EXERCISE DETAILS ▸ Copy from the first line below down to and including the line with "och säker lufttätning.". Skip the pictures.

DATASET EXCERPT ▸

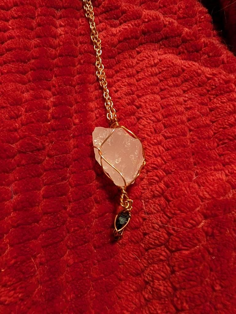 Rose quartz and black tourmaline pendant, rose quartz pendant, black tourmaline pendant, rose quartz necklace, raw crystal jewelry, raw tour
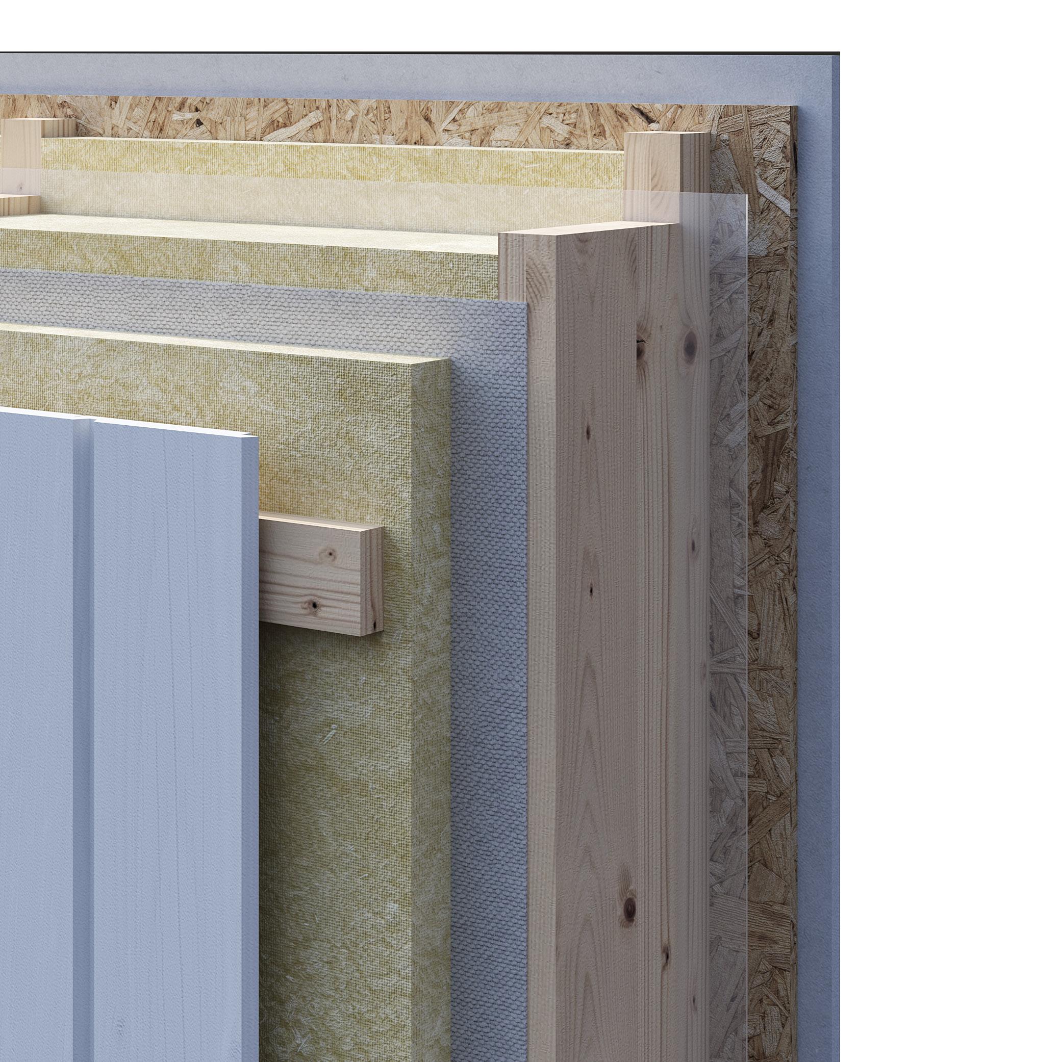 • Innanför fasadskivan monteras vår vindskyddande duk. Med denna placering ges bästa funktion och säker lufttätning.
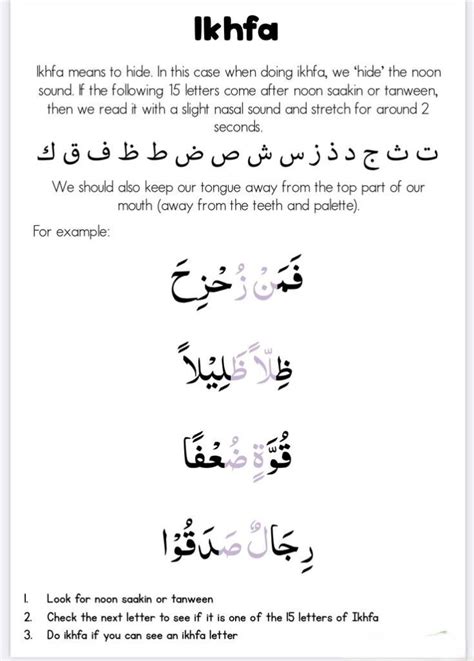 Alright guys, now that we’ve got a handle on the basic Ikhfa Tajweed meaning , let’s get into the nitty-gritty: which letters trigger this rule? This is where things get specific, and it’s super important to know these letters. Basically, when you encounter a ‘noon saakinah’ (نْ) or ‘tanween’ (ً ٌ ٍ) in the Quran, and the very next letter is one of the following 15 letters, then you apply Ikhfa. These 15 letters are divided into three groups based on their articulation point and strength, which affects how you apply Ikhfa. But for now, let’s just list them out so you can start recognizing them. The 15 letters are: ق (Qaaf), ف (Faa), ط (Taa), د (Daal), ت (Taa), ض (Dhaad), ذ (Dhaal), ث (Thaa), ج (Jeem), ش (Sheen), س (Seen), ك (Kaaf), ز (Zaay), ظ (Thaa - emphatic), ص (Saad) . Memorizing these can seem like a challenge at first, but trust me, as you read the Quran more, you’ll start spotting them naturally. Many scholars group these 15 letters into three categories to help with understanding the degree of Ikhfa, which we’ll touch upon later. These categories are: Group 1 (Strong letters) , Group 2 (Middle letters) , and Group 3 (Weak letters) . The classification is based on the strength of the letter’s articulation point and its characteristics. For example, the letters ‘ط’, ‘ص’, ‘د’, ‘ض’, ‘ظ’, ‘ت’ are considered strong and emphatic, and when they follow ‘noon saakinah’ or tanween, the Ikhfa is applied with more emphasis on the nasalization. On the other hand, letters like ‘ج’, ‘ش’, ‘س’, ‘ز’, ‘ك’, ‘ق’, ‘ف’, ‘ث’, ‘ت’, ‘ذ’ require a lighter touch. Understanding this grouping helps reciters to apply Ikhfa with the correct nuance, making the recitation sound more authentic and beautiful. However, the most crucial step is identifying the letters themselves. You can find charts and lists online or in Tajweed books that clearly outline these 15 letters. Many people find it helpful to associate these letters with certain words or phrases to aid memorization. For instance, some traditional poems group these letters into specific words, making them easier to recall. The key takeaway here is that Ikhfa Tajweed meaning directly translates to applying a hidden nasal sound when ‘noon saakinah’ or tanween precedes any of these 15 specific Arabic letters. Recognizing these letters is the first major step in correctly implementing this rule in your Quranic recitation, transforming your sound and making it more melodious. It’s all about precision and flow, guys. Don’t get discouraged if it takes time; consistent practice is your best friend here.

ANSWER AREA ▸
 Rose quartz and black tourmaline pendant, rose quartz pendant, black tourmaline pendant, rose quartz necklace, raw crystal jewelry, raw tour
 • Innanför fasadskivan monteras vår vindskyddande duk. Med denna placering ges bästa funktion och säker lufttätning.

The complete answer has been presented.